Moreover, Oxnard expressed his confusion and the questions that still remain surrounding lung cancer in non-smokers. Today, many researchers and doctors are studying how lung cancer in smokers may be an altogether different kind than that found in non-smokers.

While smoking is the No. 1 cause of lung cancer, there are other external causes as well.While smoking is the No. 1 cause of lung cancer, there are other external causes as well.

Lung Cancer Prevention
The first and most obvious form of prevention against lung cancer is to stay away from smoking cigarettes and all tobacco products. However, while doctors continue to search for the cause of lung cancer among non-smoking lung cancer patients, practicing healthy prevention methods can be beneficial for everyone and anyone. The No. 1 prevention method when it comes to fighting disease is a primarily raw, plant-based diet. Preparing your body and your immune system, for any fight it may encounter, with the plants and vegetables of the earth is the most effective ways to prevent cancer.

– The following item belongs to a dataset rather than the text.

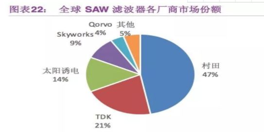 全球SAW滤波器市场份额前五位的厂商分别为村田(47%)、TDK(21%)、太阳诱电(14%)、Skyworks(9%)、Qorvo(4%),合计占比达95%。
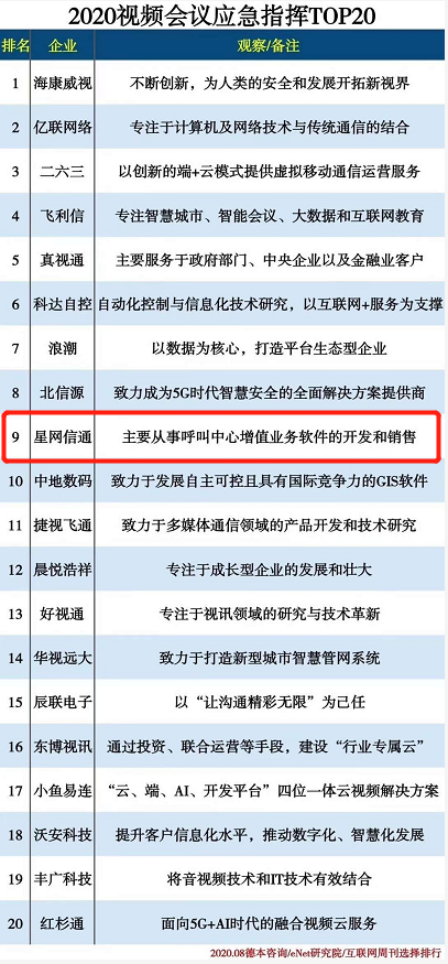• 行業(yè)的認(rèn)可——星網(wǎng)信通榮登2020視頻會議應(yīng)急指揮TOP20榜

And for those who have already been diagnosed with lung cancer and are considering the options, know that it is possible to slow tumor growth and heal your body through a primarily raw, plant-based diet. As so many of the Hallelujah Diet testimonies reveal, fueling the body with the proper vitamins and minerals it needs to fight back against cancer can enable the body’s natural self-healing abilities in a truly miraculous way. The full Hallelujah Diet Cancer Support System provides all of the necessary tools, educational materials and encouragement you’ll need to fight back against one of the ugliest forms of cancer.


  1. Carolyn B, Calhoun January 25, 2018

    It is amazing to me that the Diet will help with people who are fighting lung cancer. Thanks for this very informative blog.

  2. It is sad that most people just automatically assume that a person is or has been a smoker at some time during their lives when there is a lung cancer diagnosis. There are so many possible environmental causes of lung cancer.

    I pray that more people learn of the possibility of preventing or even reversing cancer by giving our bodies the critical nutrition necessary to rebuild healthy cells.

  3. My mother died of lung cancer and she never smoked. She was not exposed to 2nd hand smoke. So it is a real mystery as to how she got cancer. This article states that radon is the number cause of lung cancer among non smokers. Radon cannot be seen, tasted or smelled.
    Air pollution is another risk factor for lung cancer. Breathing in polluted air from power plants, cars and factories can increase the risk of developing lung cancer later in life.
    My mother only lived 5 months after she was diagnosed. She was 58 years old when she died.

  4. I think it’s terrible people assume someone with lung cancer brought it on them self and don’t have sympathy for them. Thank you for the article to help open people’s eyes that lung cancer is not always caused by smoking.

  5. CAROLYN B CALHOUN December 21, 2019

    I wanted to add a little to my comment from above. My Mom had lung problems in her late 60’s. After all the testing and exams were done…it was found the living in close proximity to a cement factory played a large part to her situation. Although my parents moved from there..the concert dust had already done its damage. It isn’t always smoking.

  6. My father in law never smoked, and died from lung cancer. Had his share of second hand smoke however. He lived a few weeks after his diagosis.

  7. Thanks for this great article, not everyone is aware of how not only does smoking affect your lungs but other things in the environment can affect you as well.